Le Paris Saint-Germain serait en négociations pour s'offrir Julian Alvarez à un montant qualifié de « démentiel ». Derrière l'excitation du mercato, une question fondamentale se pose : ce PSG post-Mbappé sait-il encore hiérarchiser ses priorités, ou empile-t-il les lignes budgétaires comme on collectionne des vignettes Panini ?
Les faits
Selon les informations relayées ce lundi, le PSG est entré en négociations pour recruter Julian Alvarez, l'attaquant argentin actuellement à l'Atlético de Madrid. Le prix évoqué est décrit comme « démentiel », sans que les contours exacts du montant aient filtré avec précision dans la source. Ce qui est certain, c'est que Paris se positionne sérieusement sur le champion du monde 2022, un profil polyvalent capable d'évoluer en faux neuf, en second attaquant ou sur un côté.
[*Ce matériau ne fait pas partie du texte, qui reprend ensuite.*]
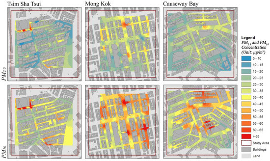 Table 4 shows the results and a comparison of the averaged RMSE and the average of predicted values produced by considering the different weight factors/covariates. The findings by this present study at the microenvironmental scale is different from the conclusion in our previous studies about urban-scale air quality mapping [16,52]. Our previous studies found that the incorporation of urban morphological factors in the geospatial modelling significantly improves the estimation accuracy of the spatial variation of PM concentration at the urban scale. However, it can be observed in this present study that only slight improvements in the interpolation performance were achieved in all three study areas when the fine-scale building geometrical features were considered in the interpolation model (either by using them as weight factors for LPI or as covariates for cokriging). This finding also implies the multiscale properties of the urban outdoor PM exposure in Hong Kong.

Alvarez, qui avait quitté Manchester City pour rejoindre les Colchoneros et obtenir un statut de titulaire indiscutable, représenterait une pièce maîtresse du prochain mercato parisien si l'opération aboutit. Le timing — mai 2026 — suggère que le club de la capitale anticipe un été de grande reconstruction offensive.
Notre lecture
Soyons clairs : Julian Alvarez est un footballeur d'élite. Intelligent dans ses déplacements, clinique devant le but, capable de lier le jeu comme peu d'attaquants modernes savent le faire. Sur le papier, c'est exactement le profil qui manque à ce PSG depuis le départ de Mbappé — un finisseur qui comprend le collectif sans sacrifier l'efficacité individuelle.
Mais voilà : à quel prix ?
Le PSG a un problème structurel : il ne négocie jamais en position de force parce que tout le monde sait qu'il peut payer.
C'est la malédiction du club-État. Dès que Paris se positionne sur un joueur, les vendeurs ajoutent systématiquement 30 à 50 millions au prix de départ. L'Atlético de Simeone, rompu aux négociations musclées, n'est certainement pas du genre à brader un actif majeur. On imagine aisément un montant flirtant avec les sommets historiques du marché des transferts.
La vraie question n'est pas de savoir si Alvarez en vaut la peine — il en vaut la peine — mais si cette politique de recrutement à coups de chéquiers pharaoniques a déjà produit des résultats probants en Ligue des Champions. Spoiler : non. Pas depuis 2020 et une finale atteinte avec un effectif certes talentueux mais surtout équilibré.
Le PSG version 2026 doit se demander s'il achète un projet tactique ou une collection de noms. Luis Enrique, s'il est toujours aux commandes l'an prochain, a montré qu'il privilégiait le collectif. Alvarez s'intègrerait bien dans cette philosophie. Mais à un « prix démentiel », la pression sur les épaules du joueur devient elle aussi démentielle. Demandez à Neymar ce que ça fait d'être le transfert le plus cher de l'histoire dans un club qui attend la C1 comme le Messie.
Ce qu'il faut surveiller
Le montant final et sa structure : bonus, pourcentage à la revente, paiement échelonné… Les détails diront si le PSG négocie intelligemment ou s'il signe un chèque en blanc. L'Atlético ne lâchera pas Alvarez sans une offre qui dépasse largement ce qu'ils ont investi.
La concurrence éventuelle : un joueur de ce calibre attire forcément d'autres prétendants. Si un club anglais entre dans la danse, Paris devra surenchérir — son sport favori, certes, mais pas toujours le plus rentable.
L'architecture offensive du PSG 2026-2027 : qui reste, qui part ? L'arrivée d'Alvarez impliquerait nécessairement des choix. Le club parisien ne peut pas conserver tout le monde au salaire qu'il propose habituellement. La masse salariale a des limites, même pour QSI.
Enfin, la réaction de l'Atlético : Simeone laissera-t-il filer son buteur sans résistance ? Peu probable. L'Argentin est un pilier du projet madrilène. Il faudra une offre irrésistible — et peut-être aussi la volonté claire du joueur — pour débloquer ce dossier.
Ce mercato s'annonce brûlant. Et comme souvent avec le PSG, la question n'est pas s'ils peuvent payer, mais si payer suffira.